# csvcheck

Analyze a CSV file and produce column-level statistics. This is typically the first step when working with a new data set, helping you understand the structure, column names, and data characteristics before writing mapping files.

**Aliases:** `csv_c`, `csv_check`

## Usage

```shell
mdwint csvcheck <file> [options]
```

## Arguments

| Argument | Required | Description |
|----------|----------|-------------|
| `<file>` | Yes | Path to the CSV file to analyze |

## Options

| Option | Description | Default |
|--------|-------------|---------|
| `-f, --file <filepath>` | Alternate way to specify the CSV file path | -- |
| `-o, --output <filepath>` | Output file path for the statistics JSON | `./CSV-Stats-<filename>.json` |
| `-r, --records` | Include all parsed records in the output statistics object | `false` |
| `-q, --quotedelimiter <char>` | The quote delimiter character for CSV parsing | `"` |

## Output Format

The command writes a JSON file containing the following structure:

```json
{
  "RowCount": 100,
  "ColumnCount": 8,
  "Headers": ["id", "name", "email", "age", "city", "state", "zip", "joined"],
  "FirstRow": { "id": "1", "name": "Alice Smith", "..." : "..." },
  "LastRow": { "id": "100", "name": "Bob Jones", "..." : "..." },
  "ColumnStatistics": {
    "id": { "Count": 100, "EmptyCount": 0, "NumericCount": 100, "FirstValue": "1", "LastValue": "100" },
    "name": { "Count": 100, "EmptyCount": 2, "NumericCount": 0, "FirstValue": "Alice Smith", "LastValue": "Bob Jones" }
  }
}
```

| Field | Description |
|-------|-------------|
| `RowCount` | Total number of data rows (excluding header) |
| `ColumnCount` | Number of columns detected |
| `Headers` | Array of column header names |
| `FirstRow` | The first data record as a key-value object |
| `LastRow` | The last data record as a key-value object |
| `ColumnStatistics` | Per-column statistics including count, empty count, numeric count, first value, and last value |

When the `-r` flag is used, an additional `Records` property is included containing every parsed row.

## Console Output

In addition to writing the statistics file, the command prints a summary to the console:

```
Parsing CSV file [./data/books.csv]...
...CSV parser completed, examined 100 rows of data.
...Found 8 columns in the CSV file.
...Writing statistics to file [./CSV-Stats-books.csv.json]...
...Statistics written.
Summary: 100 rows, 8 columns in [./data/books.csv].
  Headers: id, name, email, age, city, state, zip, joined
  First Row: {"id":"1","name":"Alice Smith",...}
  Last Row: {"id":"100","name":"Bob Jones",...}
  Column Statistics:
    -> [id]: {"Count":100,"EmptyCount":0,"NumericCount":100,...}
    -> [name]: {"Count":100,"EmptyCount":2,"NumericCount":0,...}
```

## Examples

### Basic CSV analysis

```shell
mdwint csvcheck ./data/books.csv
```

Writes statistics to `./CSV-Stats-books.csv.json`.

### Specify an output file

```shell
mdwint csvcheck ./data/books.csv -o ./output/book-stats.json
```

### Include all records in the output

```shell
mdwint csvcheck ./data/users.csv -r -o ./output/user-stats-full.json
```

This is useful for debugging or when you want to inspect the fully parsed data alongside the statistics.

### Using the alias

```shell
mdwint csv_check ./data/products.csv -o product-stats.json
```

## Tips

- Run `csvcheck` before writing a mapping file.
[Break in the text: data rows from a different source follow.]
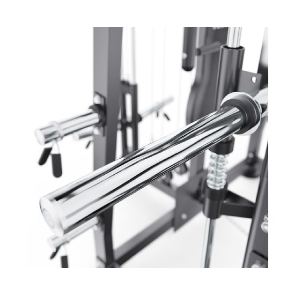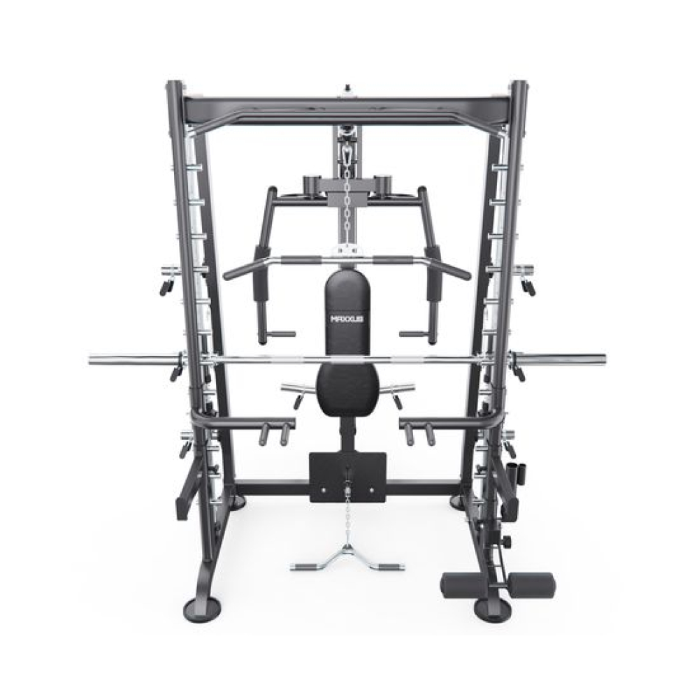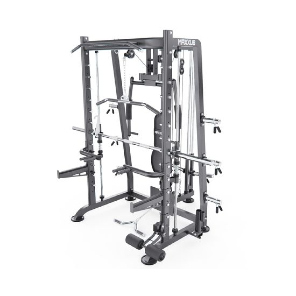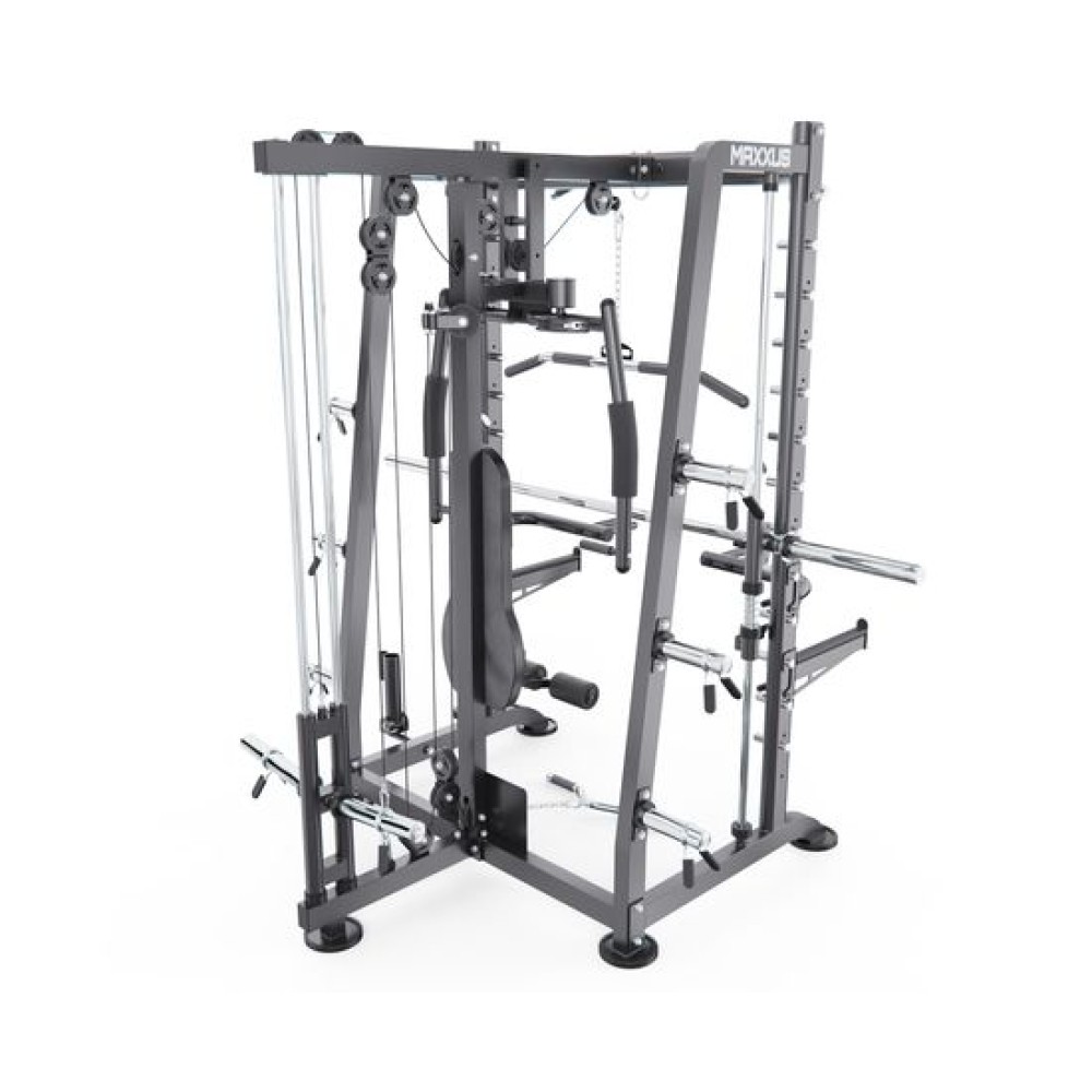 Машина Смита MAXXUS GSMX-600019 — полноценная замена спортзалу у вас дома! Она сочетает в себе машину Смита, силовую станцию, мультипозиционный турник и функциональную раму, позволяя прорабатывать все группы мышц в одном комплексе.Максимальная нагрузка на штангу — 250 кг, на тягу сверху/снизу — до 250 кг, баттерфляй — до 120 кг, при этом стальные тросы с нейлоновой оболочкой выдерживают нагрузку до 1000 кг. Максимальный вес дисков устанавливаемых на подвижную каретку - 180 кг. Тренажер имеет 6 посадочных мест для дисков диаметром 50 мм. В комплекте идут пружинные зажимы для дисков.К функциям силовой станции относятся:• Машина Смита• Приседания• Жим лёжа• Гребля• Подтягивания• Баттерфляй• Тренировка с утяжелителями• Т-образная тяга• Нижняя тяга• Лэндмайн• Тренировка прессаВы можете выполнять десятки упражнений: от классических жимов штанги, становой тяги и приседаний, до тяги в наклоне, тяги к поясу, разводки рук на грудные мышцы, скручиваний на пресс, подтягиваний и гребли. Это делает тренажер идеальным решением для фулбади тренировок дома.Каркас мультистанции изготовлен из высокопрочной стали (профиль 50 х 100 х 2 мм и 50 х 70 х 1,5 мм), что обеспечивает долговечность и устойчивость конструкции даже при максимальных нагрузках. Прочная спинка 83,5 х 33 х 5,5 см обеспечивает комфорт во время выполнения упражнений. Компактные габариты для своего класса (216,5 х 186 х 213,5 см) позволяют использовать мультистанцию даже в ограниченном пространстве.
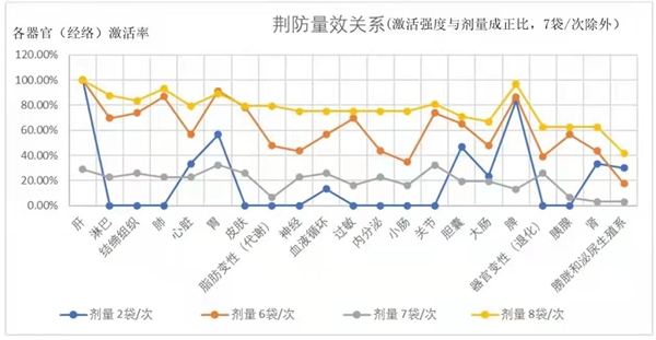 但是每次6袋的数据没有每次8袋(黄色曲线)的数据高,每次8袋各经络(器官)的激活率都很高。从强度上讲,每次8袋是最平均的,基本上都在激活的最高值。为什么每次8袋最好?或者说为什么是每次8袋?
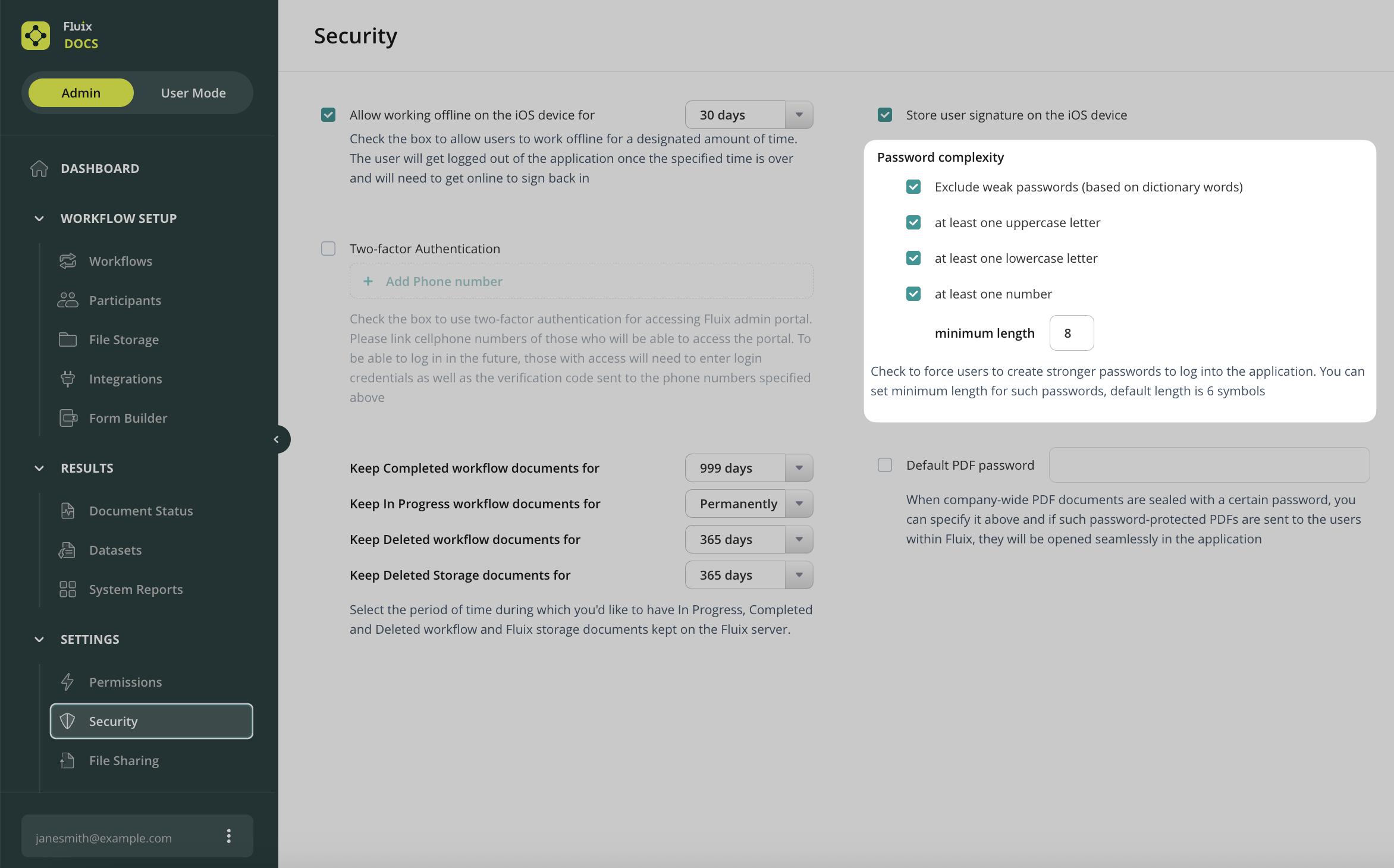 Please note that you can define the password complexity for the usersā passwords. This option is available in Settings-> Security.
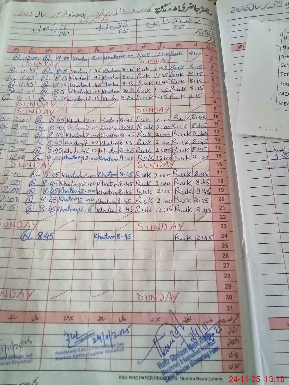 | Name: Kh**** Bi**** Designation: (School Headmaster's/Headmistress's) PST Phone/Cell Number: 03**** |
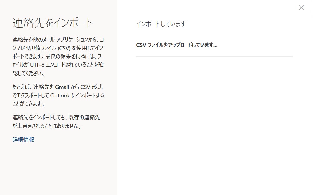 「ファイルの形式が正しくありません。Outlook CSV形式でエクスポートされたファイルであることを確認してください。」
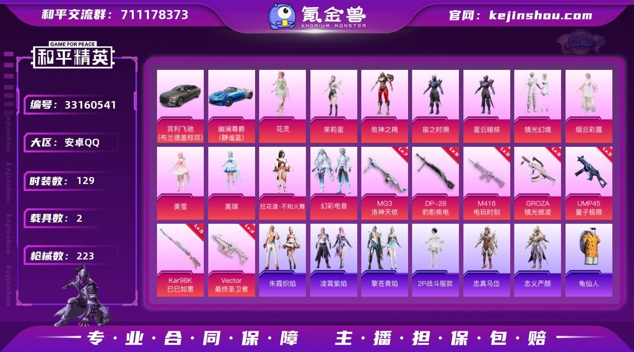 【948995】安卓 手Q-11粉装-7特效枪-2载具-6粉色飞行器-67496热力值-12王牌印记-129套装-223枪皮 【热门品类】:角色-2P战斗服款,角色-忠真马岱,角色-忠义严颜,套装-龟仙人,角色-8号机,角色-Mark.06,大砍刀-青龙偃月刀,撬棍-龙胆亮银枪 【粉色套装】:角色-茉莉星,粉装-牧神之羯,角色-宙之时溯,角色-星云暗核,粉装-镜光幻境,角色-烟云彩露,角色-美雪,角色-美琪,角色-狂花道·不知火舞,粉装-幻彩电音,角色-花灵 【粉色枪皮等级】:M416-电玩时刻(五级),GROZA-镜光银凌(五级),UMP45-量子极限(五级),Vector-最终圣卫者(三级),Kar98K-巳巳如意(五级),DP-28-豹影疾电(五级),MG3-洛神天依(七级) 【粉色载具】:宾利飞驰(布罗德盖棕双色),幽澜尊爵(静谧蓝) 【粉色枪皮】:M416-电玩时刻,GROZA-镜光银凌,UMP45-量子极限,Vector-最终圣卫者,Kar98K-巳巳如意,DP-28-豹影疾电,MG3-洛神天依 【粉色飞行器】:万古烈焰飞行器,霓虹漫游飞行器,星空武士飞行器,龙翔九天飞行器,幻海精灵飞行器,灵猫魔法师飞行器 【粉色降落伞】:梦幻火箭降落伞,闲梦青缨降落伞,炫光之旅降落伞,万古烈焰降落伞,莲影清波降落伞,龙行天下降落伞,圣堂之誓降落伞,镜...
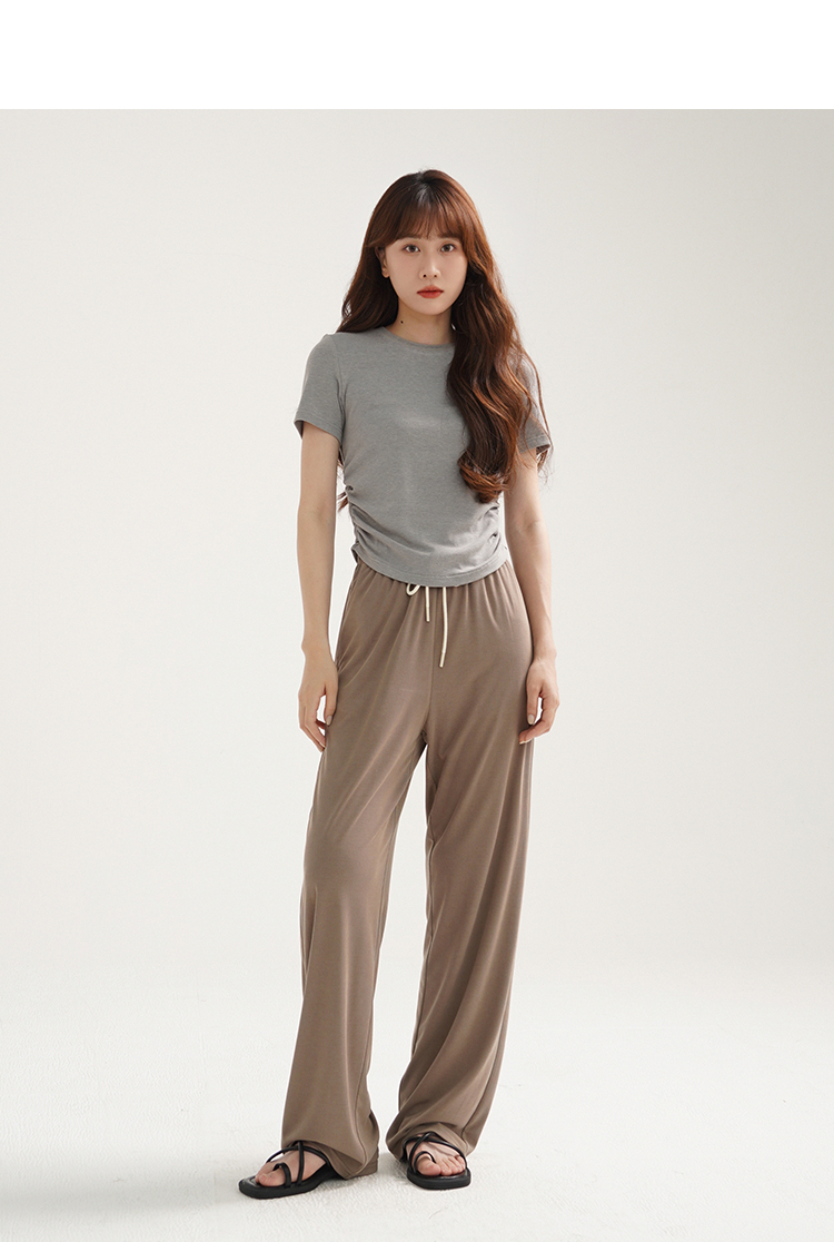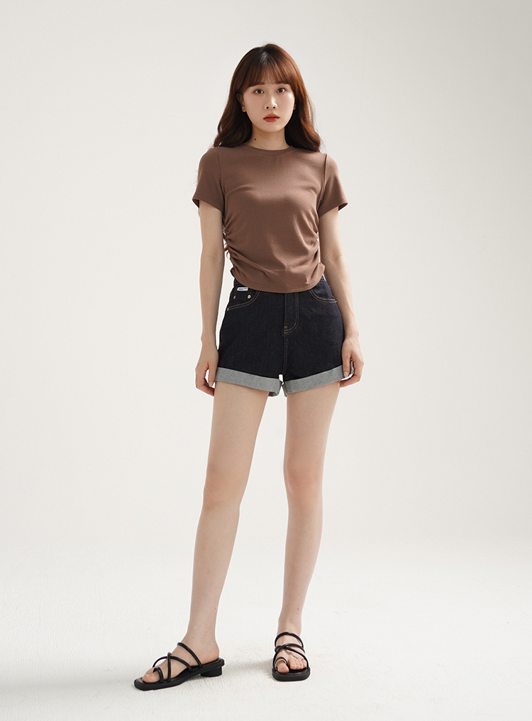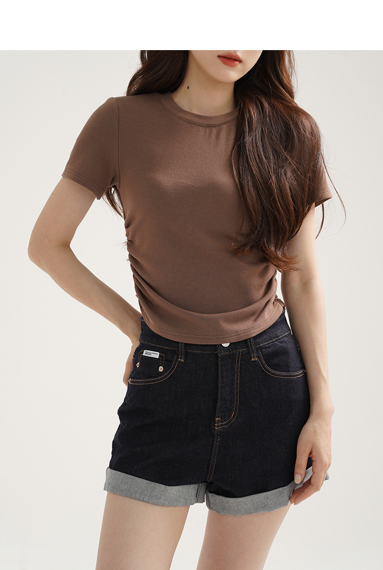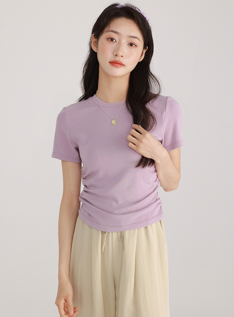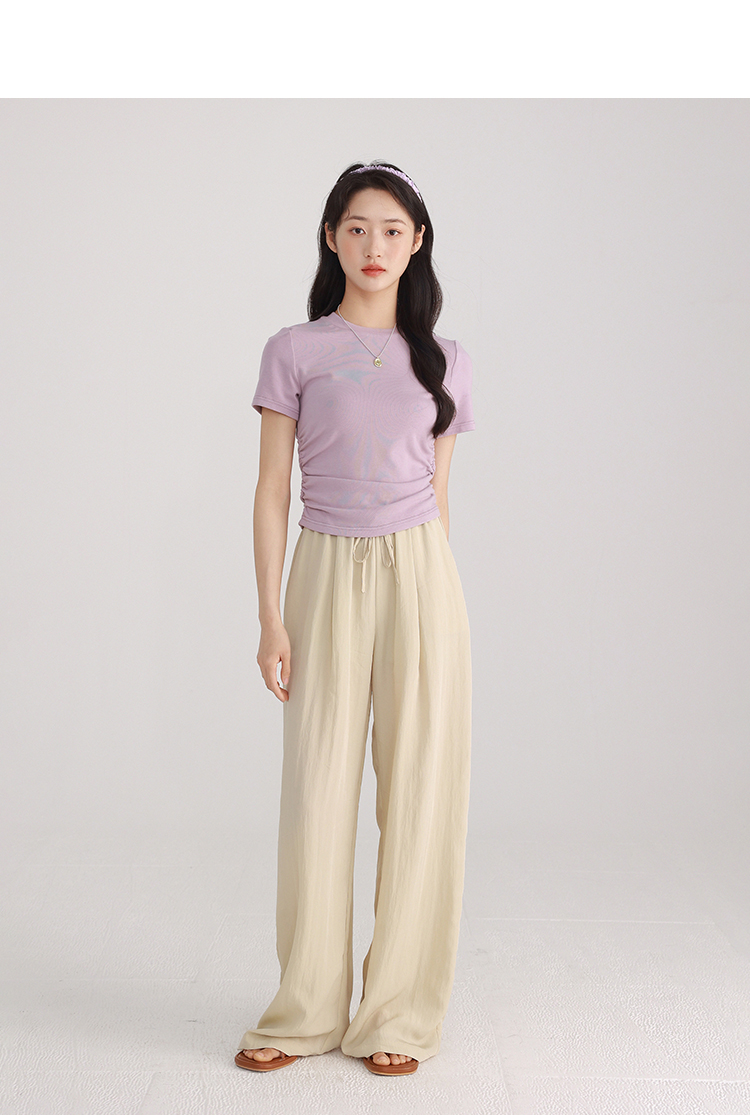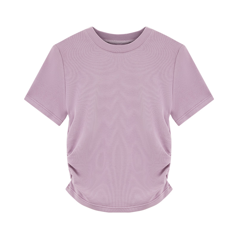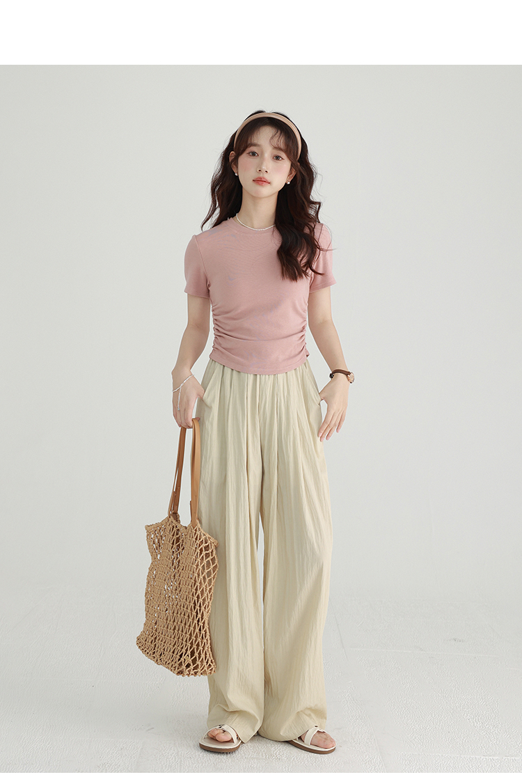 瞌睡兔 圓領正肩短袖T恤女小個子通勤風簡約收腰顯瘦修身短款上衣
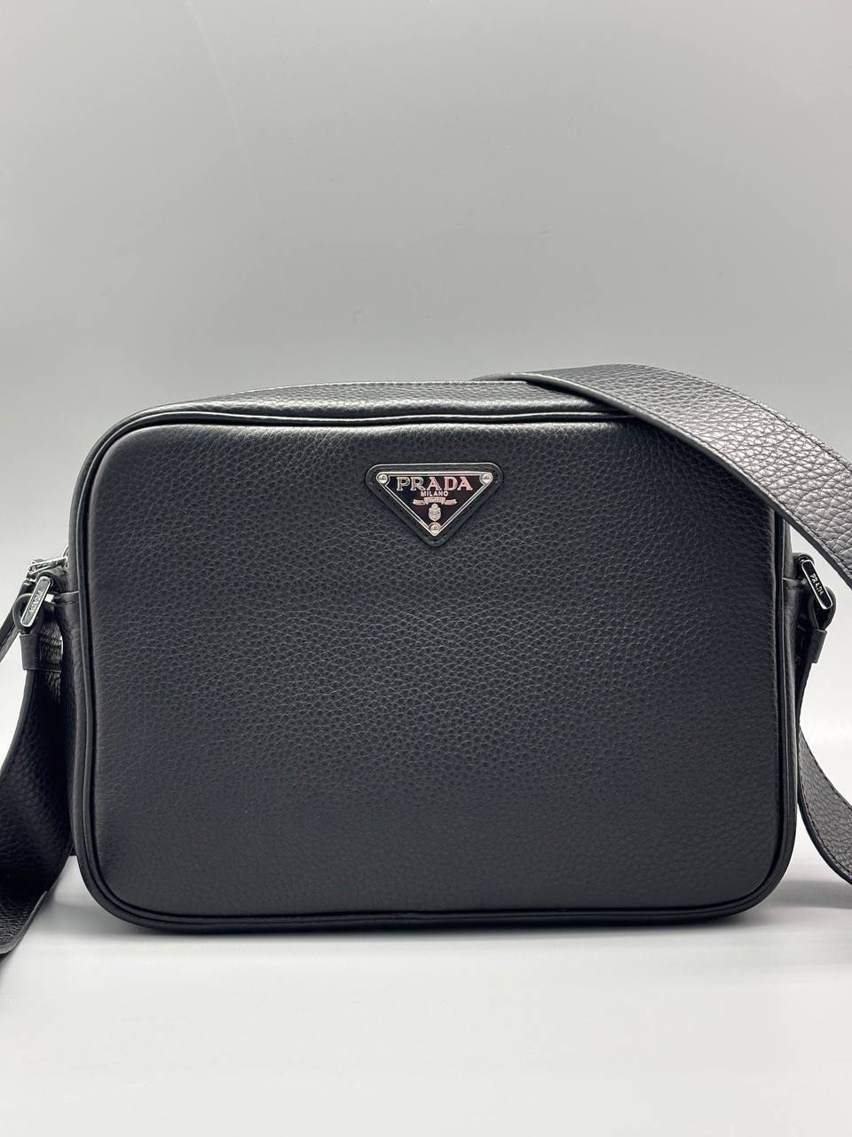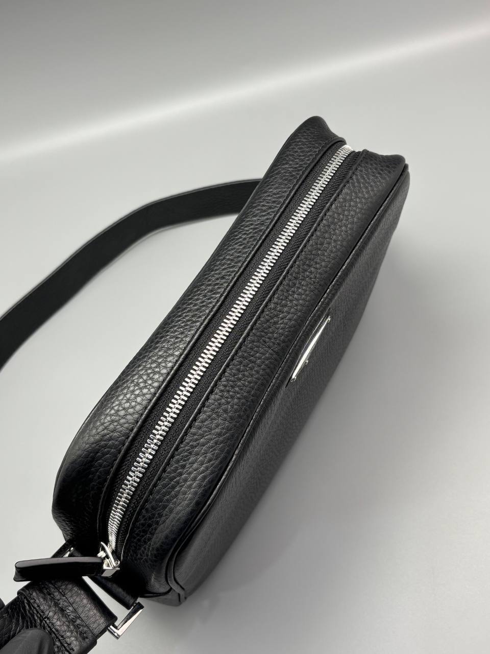 Классическая кросс-боди сумка - выполнена из качественной фактурной кожи в черном цвете, дополнена металлической фурнитурой и узнаваемой эмблемой бренда в стиле luxury.

The `Headers` array in the output tells you the exact column names to reference in your `{~D:Record.<column>~}` templates.
- The `ColumnStatistics` can help identify which columns contain numeric data, which have empty values, and which might be good candidates for GUID generation.
- Use the `-r` flag sparingly on large files, as it embeds every record in the output JSON.
- If your CSV uses a non-standard quote character, pass it with `-q`. For example, `-q "'"` for single-quoted fields.